START Records for the exercise

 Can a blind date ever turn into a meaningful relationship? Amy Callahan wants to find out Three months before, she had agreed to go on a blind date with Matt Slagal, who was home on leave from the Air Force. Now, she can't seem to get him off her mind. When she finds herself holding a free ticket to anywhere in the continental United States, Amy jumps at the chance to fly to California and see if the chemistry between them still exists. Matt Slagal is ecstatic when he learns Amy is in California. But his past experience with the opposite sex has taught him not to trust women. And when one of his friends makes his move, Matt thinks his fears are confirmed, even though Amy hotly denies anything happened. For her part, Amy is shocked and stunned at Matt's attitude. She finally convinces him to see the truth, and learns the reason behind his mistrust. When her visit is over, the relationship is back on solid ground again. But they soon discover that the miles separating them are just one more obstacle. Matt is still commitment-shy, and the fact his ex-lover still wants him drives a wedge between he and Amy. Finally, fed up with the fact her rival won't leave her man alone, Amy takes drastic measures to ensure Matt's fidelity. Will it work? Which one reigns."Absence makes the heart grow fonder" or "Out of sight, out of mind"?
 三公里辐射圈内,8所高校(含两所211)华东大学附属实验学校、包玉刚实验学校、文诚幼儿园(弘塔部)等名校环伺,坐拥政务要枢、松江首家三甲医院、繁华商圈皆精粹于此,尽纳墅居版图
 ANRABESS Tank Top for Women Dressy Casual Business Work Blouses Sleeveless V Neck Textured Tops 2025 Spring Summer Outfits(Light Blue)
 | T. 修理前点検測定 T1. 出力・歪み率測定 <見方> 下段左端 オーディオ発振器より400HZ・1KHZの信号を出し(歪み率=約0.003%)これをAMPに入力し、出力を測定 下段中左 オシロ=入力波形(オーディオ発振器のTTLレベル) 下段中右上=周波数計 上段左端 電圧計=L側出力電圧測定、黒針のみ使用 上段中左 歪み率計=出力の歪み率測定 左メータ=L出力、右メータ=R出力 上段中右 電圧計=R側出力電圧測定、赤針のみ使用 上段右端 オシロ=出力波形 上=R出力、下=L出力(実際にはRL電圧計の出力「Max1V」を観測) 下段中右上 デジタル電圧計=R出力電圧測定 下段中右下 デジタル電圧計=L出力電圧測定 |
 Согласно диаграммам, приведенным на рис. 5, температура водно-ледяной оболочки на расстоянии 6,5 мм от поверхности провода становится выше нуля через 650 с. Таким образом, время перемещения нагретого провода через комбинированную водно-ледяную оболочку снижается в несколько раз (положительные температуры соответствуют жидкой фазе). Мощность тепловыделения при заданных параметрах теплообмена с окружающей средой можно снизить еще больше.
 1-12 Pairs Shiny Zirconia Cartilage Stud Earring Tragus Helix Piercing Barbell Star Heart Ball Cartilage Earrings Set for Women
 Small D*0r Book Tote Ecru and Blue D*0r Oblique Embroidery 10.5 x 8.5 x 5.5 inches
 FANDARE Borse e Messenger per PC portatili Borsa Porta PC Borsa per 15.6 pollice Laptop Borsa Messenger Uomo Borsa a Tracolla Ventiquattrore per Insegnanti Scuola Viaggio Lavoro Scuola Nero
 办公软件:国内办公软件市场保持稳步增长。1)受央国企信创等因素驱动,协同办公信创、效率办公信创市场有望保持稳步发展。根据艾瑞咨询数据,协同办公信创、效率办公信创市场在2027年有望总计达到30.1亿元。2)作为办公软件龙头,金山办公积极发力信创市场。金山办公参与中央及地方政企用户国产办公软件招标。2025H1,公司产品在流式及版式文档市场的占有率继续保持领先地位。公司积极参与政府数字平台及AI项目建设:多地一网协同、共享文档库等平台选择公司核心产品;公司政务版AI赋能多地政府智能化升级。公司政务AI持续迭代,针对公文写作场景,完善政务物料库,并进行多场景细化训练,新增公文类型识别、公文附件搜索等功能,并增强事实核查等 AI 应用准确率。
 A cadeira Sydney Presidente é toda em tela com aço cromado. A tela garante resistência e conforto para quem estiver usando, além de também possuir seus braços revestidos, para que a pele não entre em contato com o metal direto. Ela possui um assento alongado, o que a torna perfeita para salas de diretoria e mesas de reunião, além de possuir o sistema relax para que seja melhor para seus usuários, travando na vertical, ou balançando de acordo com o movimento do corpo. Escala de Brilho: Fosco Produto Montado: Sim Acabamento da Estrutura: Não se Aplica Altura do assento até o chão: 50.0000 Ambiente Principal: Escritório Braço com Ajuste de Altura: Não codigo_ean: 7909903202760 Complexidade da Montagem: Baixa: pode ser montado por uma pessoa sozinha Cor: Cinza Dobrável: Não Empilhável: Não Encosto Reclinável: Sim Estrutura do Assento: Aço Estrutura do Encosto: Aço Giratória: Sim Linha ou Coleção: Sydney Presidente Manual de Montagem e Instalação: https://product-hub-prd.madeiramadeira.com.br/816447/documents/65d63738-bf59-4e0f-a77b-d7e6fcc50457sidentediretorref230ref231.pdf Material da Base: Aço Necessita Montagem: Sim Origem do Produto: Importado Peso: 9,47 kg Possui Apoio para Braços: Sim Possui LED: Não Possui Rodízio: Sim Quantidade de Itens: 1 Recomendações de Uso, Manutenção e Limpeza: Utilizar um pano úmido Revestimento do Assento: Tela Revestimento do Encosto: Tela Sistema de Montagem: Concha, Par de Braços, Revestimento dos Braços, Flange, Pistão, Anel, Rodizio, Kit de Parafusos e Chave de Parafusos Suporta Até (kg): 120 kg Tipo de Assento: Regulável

END Records for the exercise

Only the number should be given: how many lines in the data contain the string "Blue".

Solution for this task:
2